**Exercise prompt**
Among the lines below, output only those between the line holding "- VIN: 5TDKY5G17AS027319" and the line holding "In order to", inclusive, exactly as written and with no pictures.

**Material to process**
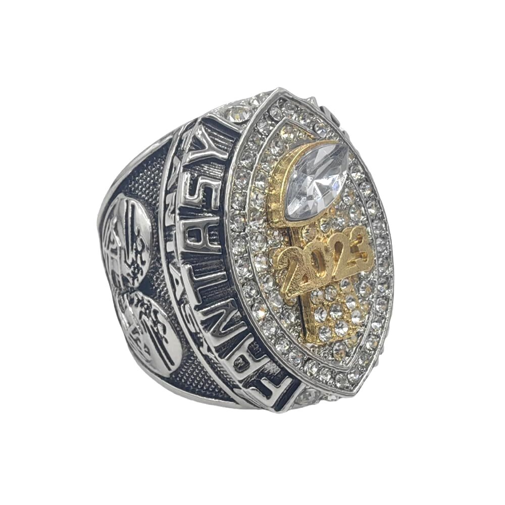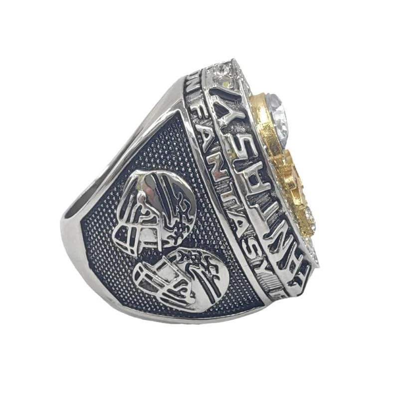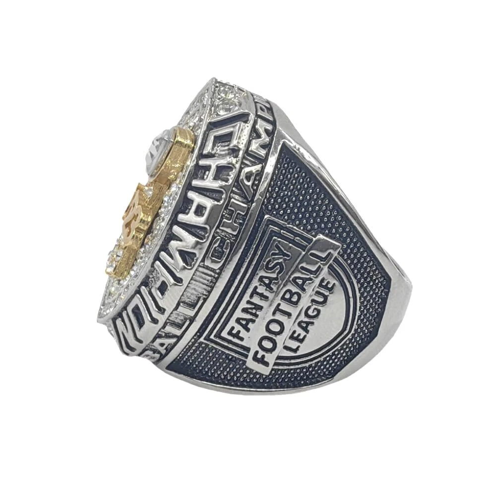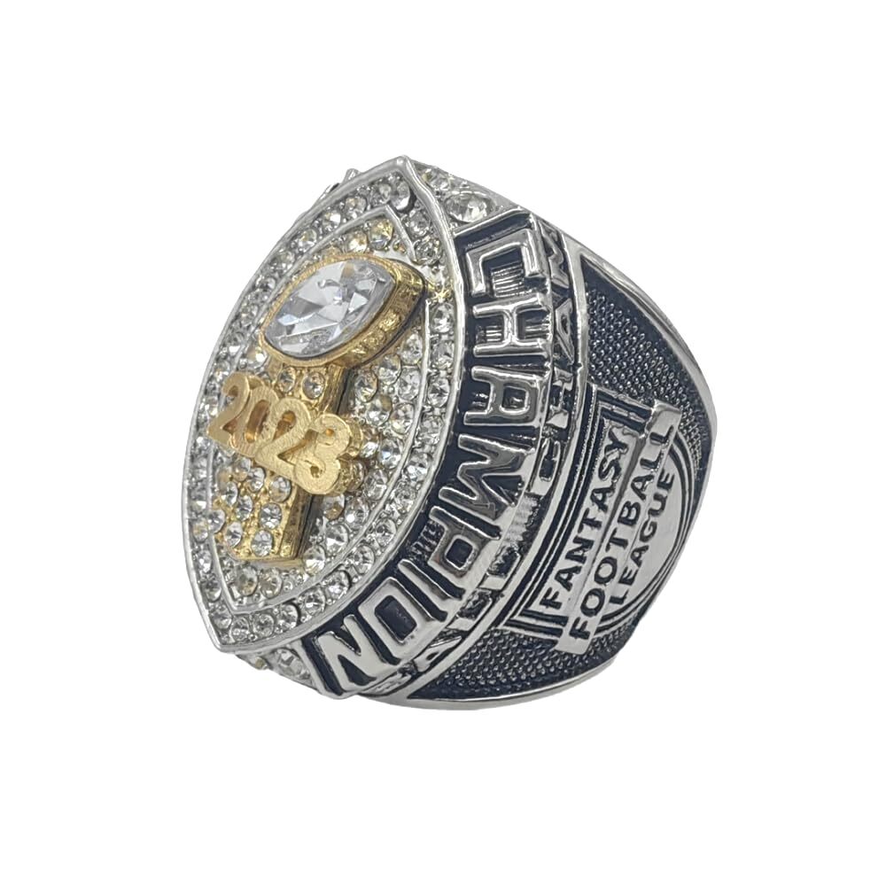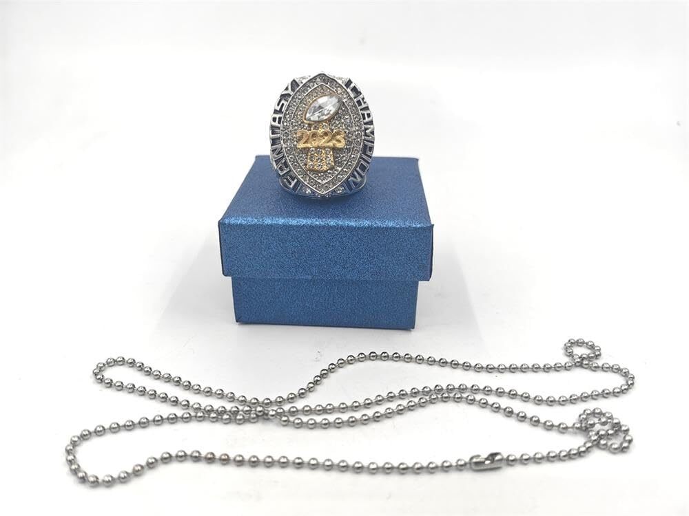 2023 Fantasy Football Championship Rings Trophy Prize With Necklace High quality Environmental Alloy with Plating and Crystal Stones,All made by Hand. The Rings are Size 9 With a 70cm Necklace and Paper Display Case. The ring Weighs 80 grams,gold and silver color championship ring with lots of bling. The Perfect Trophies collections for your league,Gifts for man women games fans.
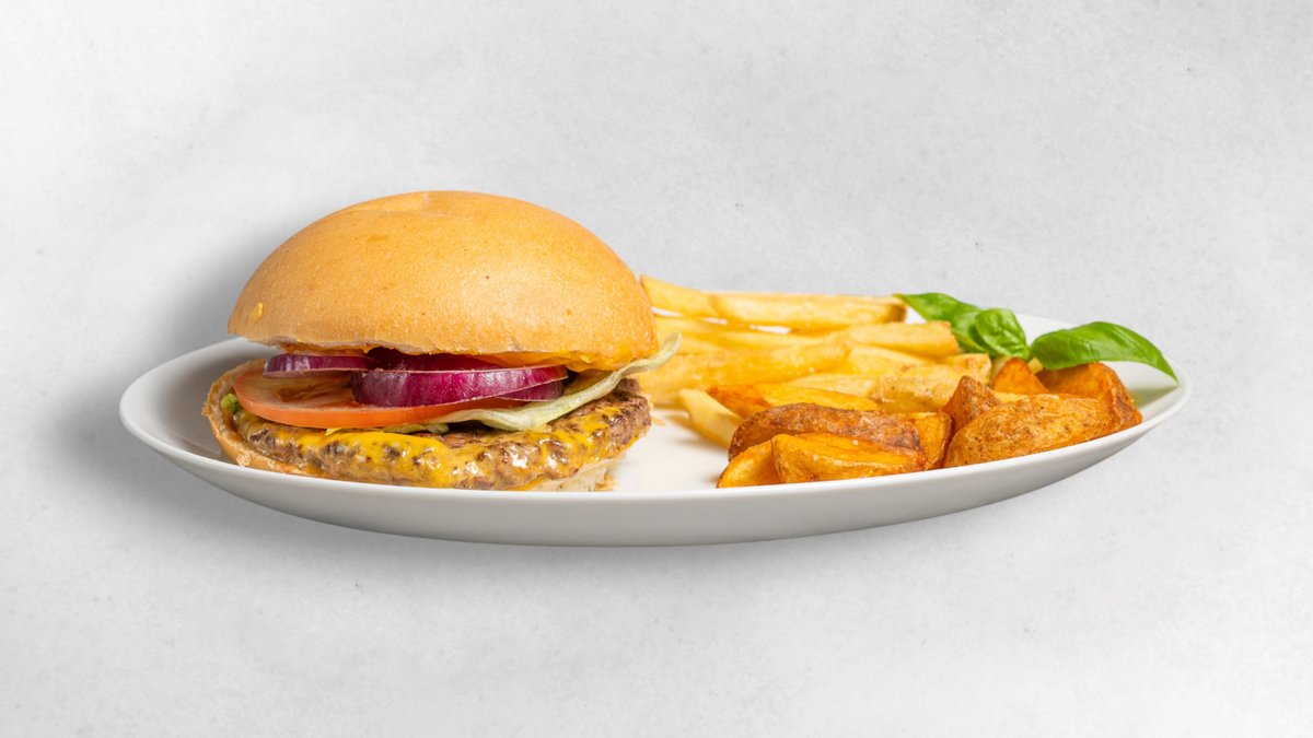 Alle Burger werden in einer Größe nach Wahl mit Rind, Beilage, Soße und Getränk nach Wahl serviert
--
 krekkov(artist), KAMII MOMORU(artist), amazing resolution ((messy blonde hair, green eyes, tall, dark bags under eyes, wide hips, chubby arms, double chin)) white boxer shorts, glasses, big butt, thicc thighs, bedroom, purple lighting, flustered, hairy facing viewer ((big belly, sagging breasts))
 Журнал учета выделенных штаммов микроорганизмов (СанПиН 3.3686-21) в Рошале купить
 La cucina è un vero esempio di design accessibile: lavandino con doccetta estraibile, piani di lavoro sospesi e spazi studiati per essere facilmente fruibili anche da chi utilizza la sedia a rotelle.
---
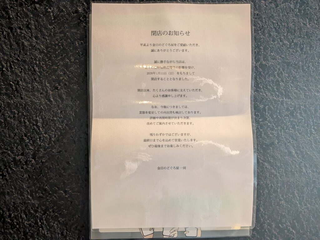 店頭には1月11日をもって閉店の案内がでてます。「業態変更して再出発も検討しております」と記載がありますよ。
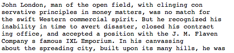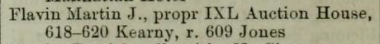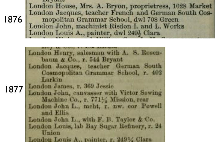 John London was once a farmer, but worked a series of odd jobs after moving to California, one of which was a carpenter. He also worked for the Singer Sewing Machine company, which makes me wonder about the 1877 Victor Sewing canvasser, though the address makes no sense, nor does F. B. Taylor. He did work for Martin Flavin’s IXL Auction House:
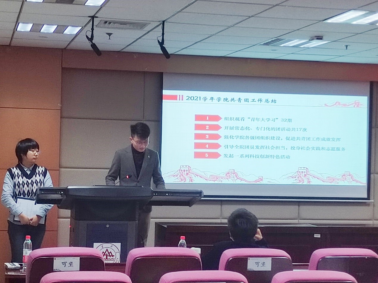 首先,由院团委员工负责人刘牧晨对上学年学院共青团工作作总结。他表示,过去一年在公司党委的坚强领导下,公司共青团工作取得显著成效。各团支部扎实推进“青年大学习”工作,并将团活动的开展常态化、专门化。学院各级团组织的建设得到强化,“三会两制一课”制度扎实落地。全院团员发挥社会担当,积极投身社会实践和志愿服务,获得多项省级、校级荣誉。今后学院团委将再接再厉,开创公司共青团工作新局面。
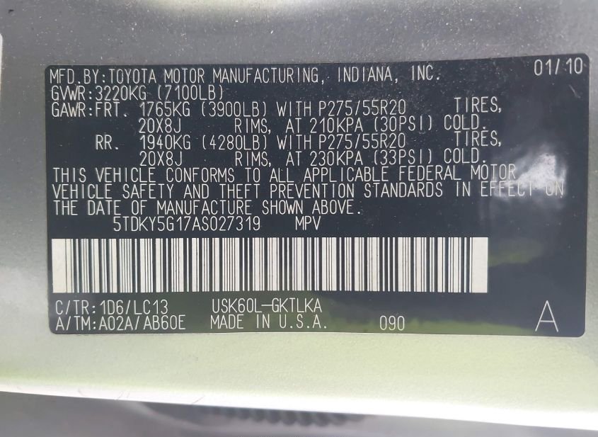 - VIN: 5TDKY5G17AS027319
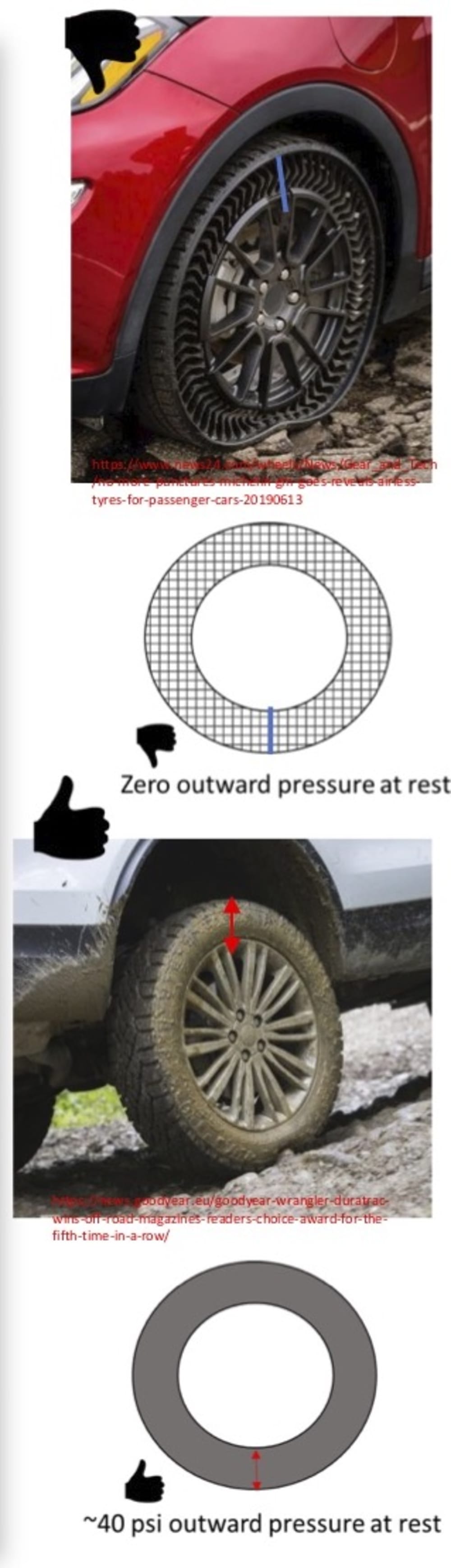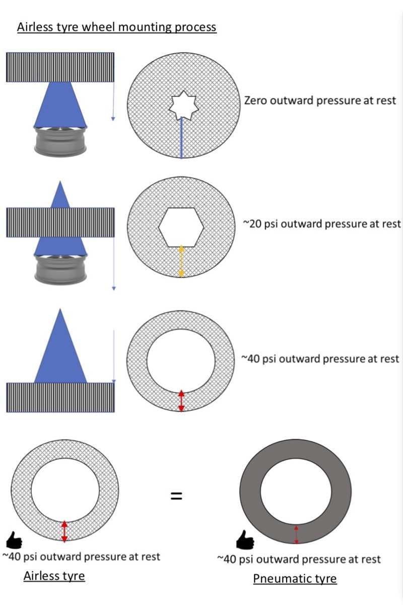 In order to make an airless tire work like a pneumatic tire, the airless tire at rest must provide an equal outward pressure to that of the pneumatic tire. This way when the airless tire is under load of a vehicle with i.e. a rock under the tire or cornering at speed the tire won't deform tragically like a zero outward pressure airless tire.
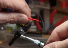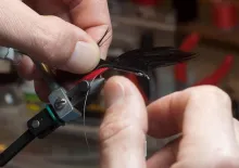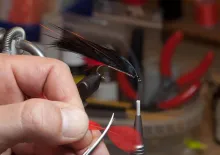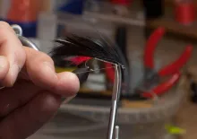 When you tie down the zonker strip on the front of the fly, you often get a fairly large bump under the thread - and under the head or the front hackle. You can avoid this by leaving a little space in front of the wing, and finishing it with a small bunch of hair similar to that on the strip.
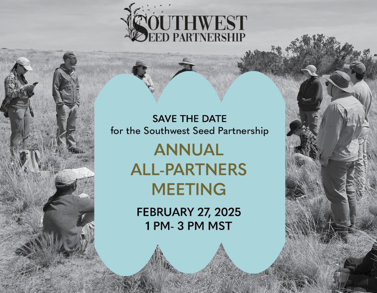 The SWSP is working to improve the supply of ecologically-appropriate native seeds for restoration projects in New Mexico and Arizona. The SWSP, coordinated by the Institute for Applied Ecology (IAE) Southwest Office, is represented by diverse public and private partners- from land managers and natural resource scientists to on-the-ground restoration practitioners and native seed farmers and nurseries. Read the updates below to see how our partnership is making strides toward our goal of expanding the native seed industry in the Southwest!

**Completed task**
 - VIN: 5TDKY5G17AS027319
 In order to make an airless tire work like a pneumatic tire, the airless tire at rest must provide an equal outward pressure to that of the pneumatic tire. This way when the airless tire is under load of a vehicle with i.e. a rock under the tire or cornering at speed the tire won't deform tragically like a zero outward pressure airless tire.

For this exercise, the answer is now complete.